Dataset content below:

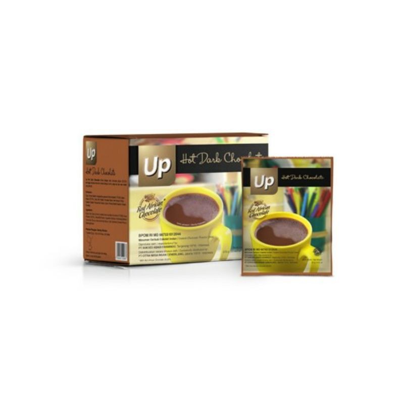 Up Hot Dark Chocolate adalah minuman serbuk cokelat instan yang dibuat dari perpaduan coklat bubuk dark chocolate (jenis Red African Cocoa powder), gula, krimer nabati, susu skim dan ekstrak Ginseng.
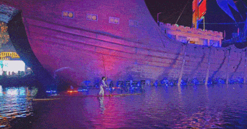这边,武松和数位官差行至阔板桥上表演“大闹飞云浦”,他飞起一脚,直接将官差从桥上踹入水中;而那边的“神舟”之旁,有人立于孤舟之上,纵一苇而渡江,或前附、或后仰。
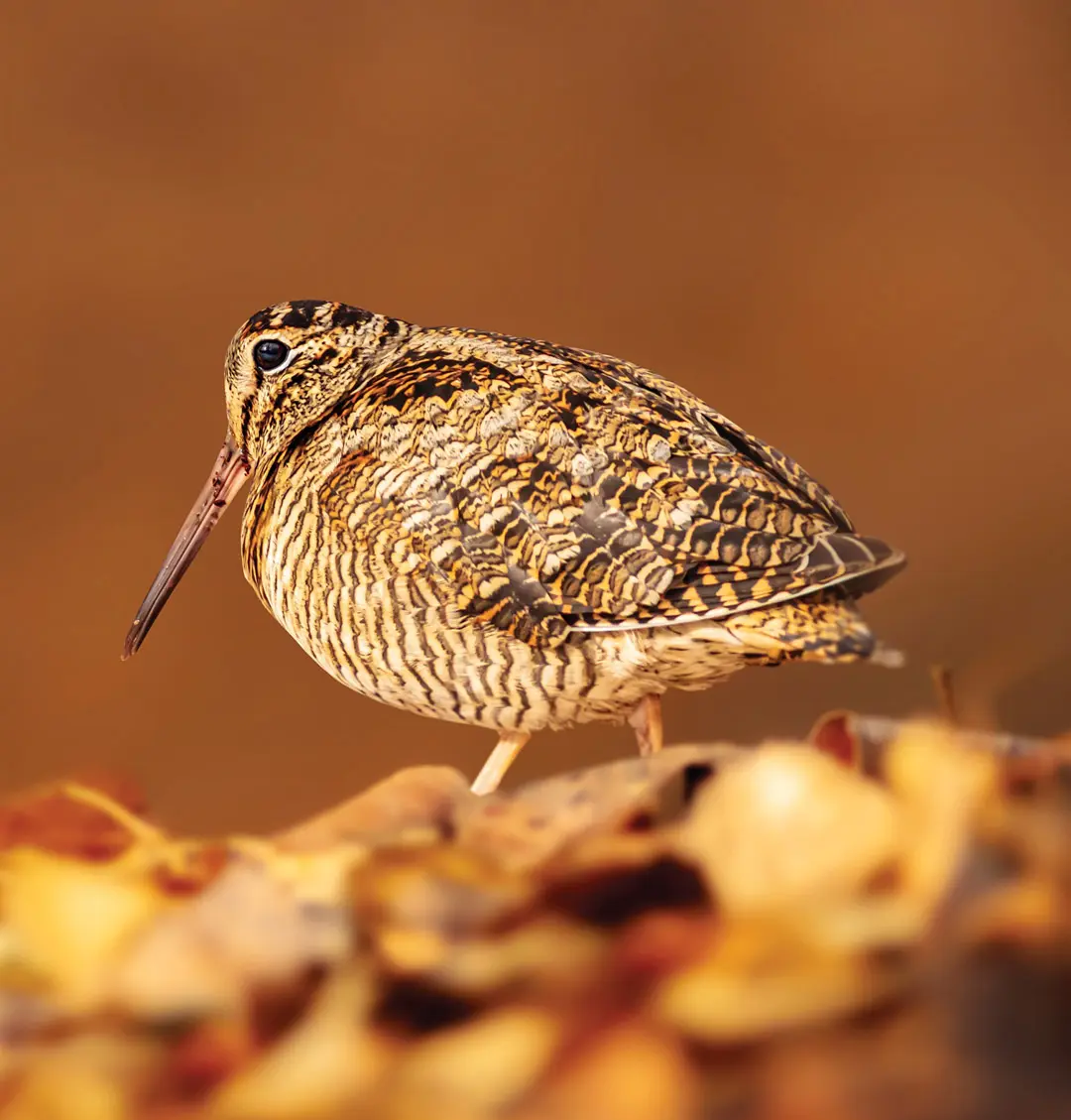American woodcock are small, plump birds typically weighing five to eight ounces, with the females being generally larger than the males. Because of the woodcock’s unusual features, the Seneca Indians believed that the Creator assembled the bird from the leftover parts of other birds. Woodcock have round bodies, short legs and long beaks, with large eyes set high on their heads so that they can see 360° around. Their ears are located between their eye sockets and bill, and their nostrils are set at the top of their bill. Most interesting is that their cerebellum is below the rest of the brain and above the spinal column—whereas in other birds it is in the rear of the skull—so in essence they have upside-down brains. They also are excellently camouflaged for their wooded habitat, their plumage being a mottled mix of russet, brown, gray and black, with lighter buff colors on the chest.

End of Dataset content.

▶ _Activity_
The answer must be the lines above, word for word, from the first one through the line with "这边,武松和数位官差行至阔板", pictures excluded.

▶ _Response below_
 Up Hot Dark Chocolate adalah minuman serbuk cokelat instan yang dibuat dari perpaduan coklat bubuk dark chocolate (jenis Red African Cocoa powder), gula, krimer nabati, susu skim dan ekstrak Ginseng.
这边,武松和数位官差行至阔板桥上表演“大闹飞云浦”,他飞起一脚,直接将官差从桥上踹入水中;而那边的“神舟”之旁,有人立于孤舟之上,纵一苇而渡江,或前附、或后仰。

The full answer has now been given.